Hi guys I just bought a 4000 select o speed and I believe it's stuck in 2 gears, now Iv got a ford manual and I'm going to start by setting everything back to spec as I don't know what the last owner has done, first step was setting the oil level, all good on the check bung but it does not tell me if I'm meant to do it with the engine not running or running or cycle the gears then check, so if anyone has any idea that would be a good help thank you


----------



## HarveyW (Sep 15, 2014)

andrews_4000 said:


> Hi guys I just bought a 4000 select o speed and I believe it's stuck in 2 gears, now Iv got a ford manual and I'm going to start by setting everything back to spec as I don't know what the last owner has done, first step was setting the oil level, all good on the check bung but it does not tell me if I'm meant to do it with the engine not running or running or cycle the gears then check, so if anyone has any idea that would be a good help thank you


_________________________________________________

Howdy Andrews 4000,

Thanks for posting on the Ford/New Holland tractor forum.

I think that most guys check the SOS fluid level at ambient temperature. The "manual" you refer to...Is it an owner/operator manual? An owner/operator manual should specify any requirements for checking SOS fluid level. If they do not mention warming up the fluid or having the engine running, then it's not required.
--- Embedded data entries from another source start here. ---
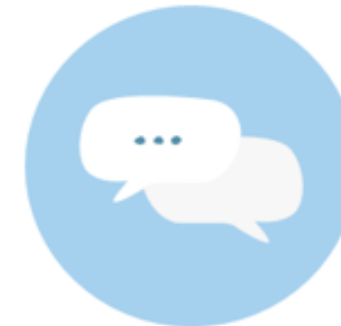
Patients involved in treatment planning and care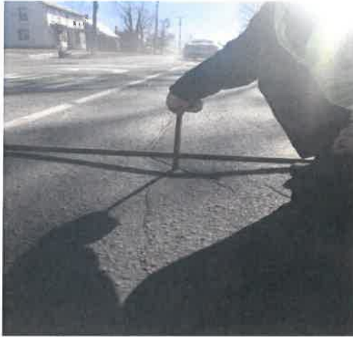
ROUTE 7 RUTTING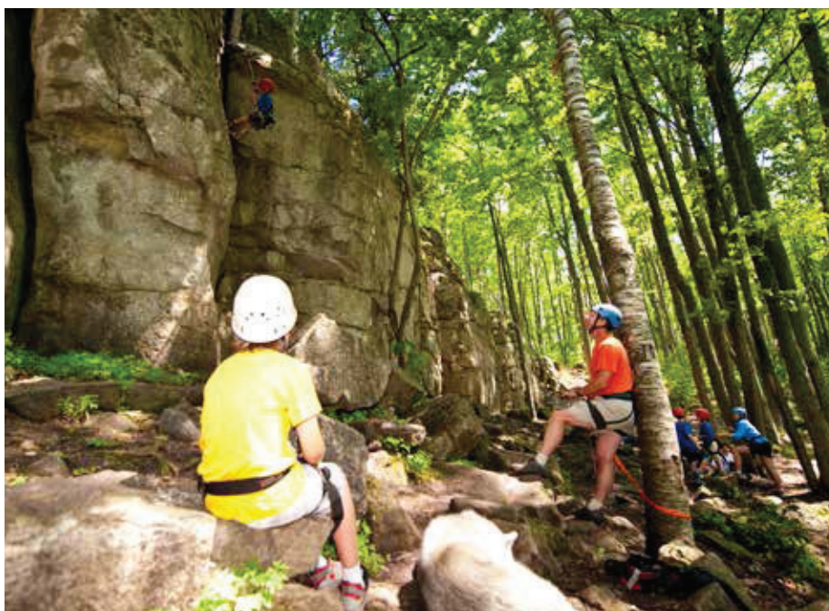
Top: Brewery Tour Right: Rock Climbing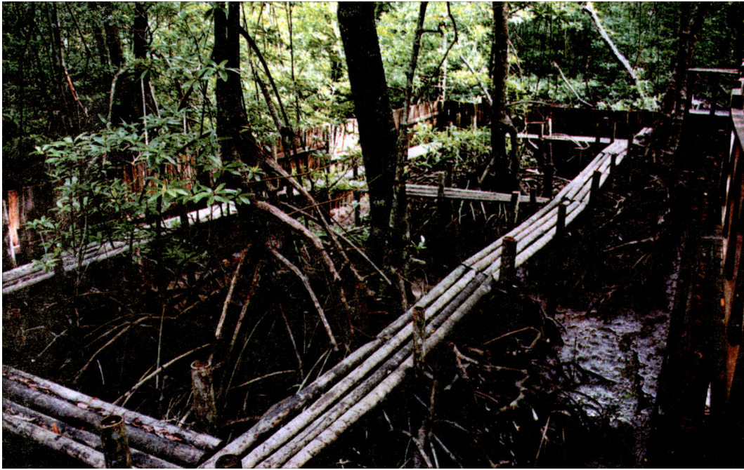
Figure 2. Crab culture farm at Kampung Serdang in Brunei-Muara

The future development of shrimp farming industry in the country will not cause significant damage to mangrove forests. In fact, lands where mangroves have grown have proved less than ideal for shrimp farming. Mangrove soils are often acidic, so that ponds excavated in these soil have to be heavily and expensively limed to maintain suitable pH. Leaving the mangrove forests intact is now recognized as yielding positive benefits. Hence, future farms will be established in areas just inland from a mangrove forest with the effluent trickling down and being filtered. Mangrove forests are superb natural filters for organic matter and what reaches the sea is more-or-less pristine water. Further, DOF will be looking for barren lands near the coasts instead of mangrove lands for the new prawn farms.

Before you start spending a lot of $$$ on this tractor, you might consider the fact that parts for SOS transmissions are getting harder and harder to find and are very expensive. For example, you cannot find a transmission filter.


----------



## Fedup (Feb 25, 2014)

I suggest you do some more research before tinkering with ANY adjustments on that transmission, regardless of what manuals you have. I have only been involved with a couple of them over the years, and consider myself lucky to have escaped unharmed. This is not a job for a novice. If it were mine, I would try to contact Dave Arthur and get his opinion and suggestions. I believe he has more knowledge and experience on that transmission than anyone I know of. 
http://www.arthurstractors.com/


----------



## andrews_4000 (Jul 21, 2015)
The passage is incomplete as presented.